Certaines études cependant, se montrent critiques sur les manières de penser les enseignements dans les dispositifs proposés, notamment quant aux modes de transmission et à la réception de la « culture » par les élèves. Ainsi, par exemple, le document audio-visuel de Lallier (2015) montre un dispositif d’Opéra à l’école dans lequel, sur le travail à long terme, on peut constater des réticences des élèves à s’insérer dans la démarche et l’éloignement que peuvent éprouver certains élèves par rapport à la forme musicale de l’opéra. Ou encore, au sujet de l’opéra, l’analyse de Morel (2006) sur les enjeux et les effets de l’« action culturelle » montre comment un projet qui souhaite démocratiser l’art et où « l’activité artistique est considérée comme un moyen d’ « ouverture » ne parvient pas à soulever l’enthousiasme des élèves. Alors que la perception du projet est mitigée parmi la population adolescente analysée dans ce cas, les enseignants, quant à eux, considèrent le projet comme un « privilège » accordé aux élèves. Ils attendent alors en retour une « docilité et une motivation scolaire » (p. 179) de leur part. Dans son analyse, l’auteur montre les facteurs susceptibles d’éloigner certains élèves des objectifs attendus par les enseignants. Ils ne sont pas intéressés par le projet, se sentent exclus du milieu représenté symboliquement par l’opéra ou encore ne trouvent pas de liens avec leur parcours scolaire en termes de rentabilité. L’analyse détaillée de l’auteur montre les difficultés à mener à bien les objectifs visés de sensibilisation à des pratiques savantes, de la quête de chemins détournés pour motiver les élèves qui ont décroché scolairement et de décloisonnement social d’une population de quartiers ségrégués. L’auteur souligne les obstacles liés à l’identification des jeunes, d’une part à des conformités de statuts élaborés entre pairs et d’autre part, à une culture adolescente, une culture de masse ainsi qu’à un sentiment d’appartenance à un groupe social qui considère que l’opéra n’est pas pour eux.
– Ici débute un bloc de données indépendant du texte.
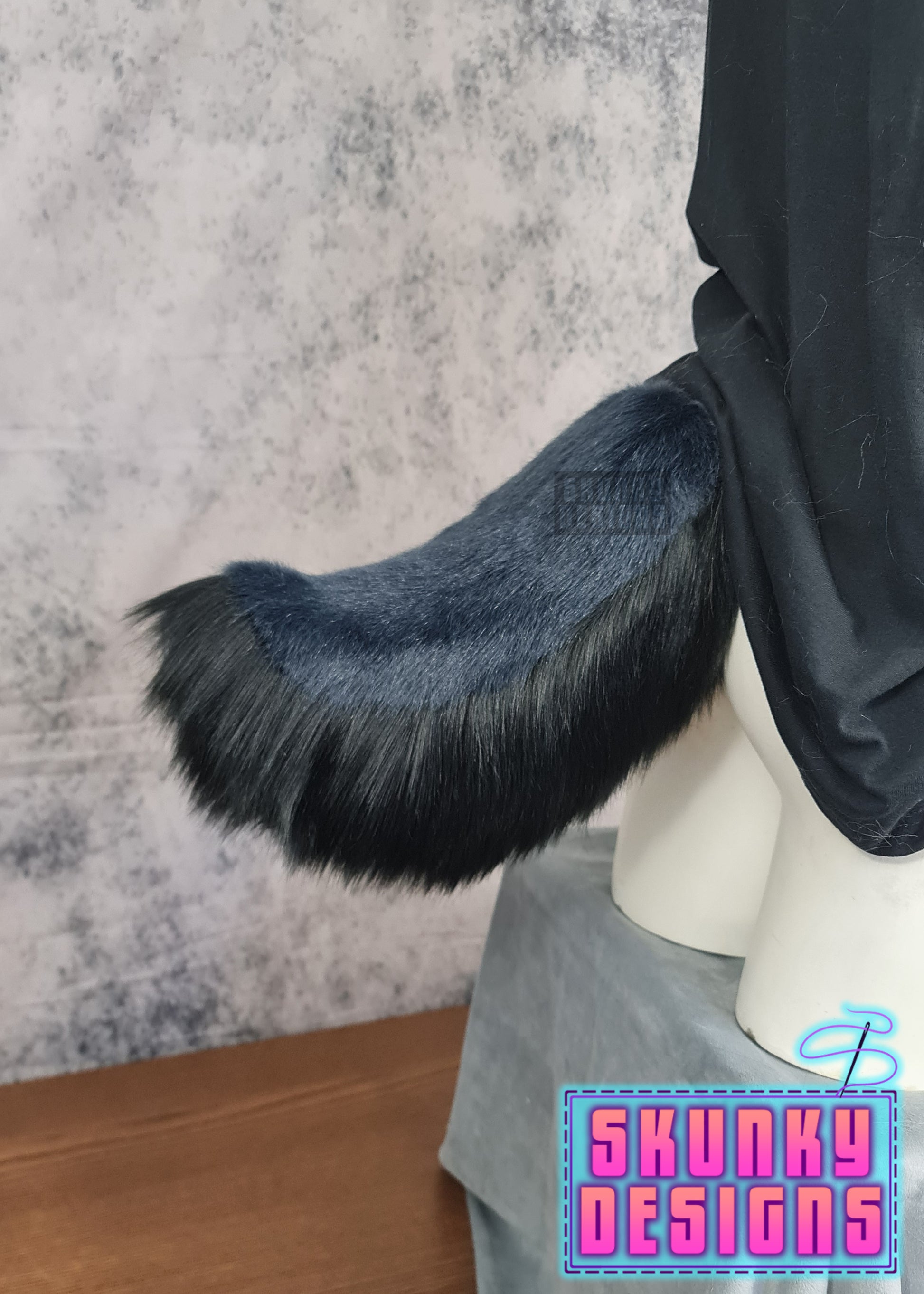 The tail is approximately 28cm / 11" from base to tip in a straight line.

L’accès à une pratique de culture « savante » se montre ainsi confronté à des obstacles, des enjeux identitaires dans lesquels la seule motivation à amener les élèves vers la culture n’est pas suffisante. Par ailleurs, Morel distingue l’accès des élèves au projet entre la catégorie de ceux qui ont déjà une pratique artistique et ceux qui n’en possèdent pas. « Les premiers ont tendance à établir un lien entre leur pratique et l’opéra, quel que soit l’écart entre ces pratiques » (p. 192).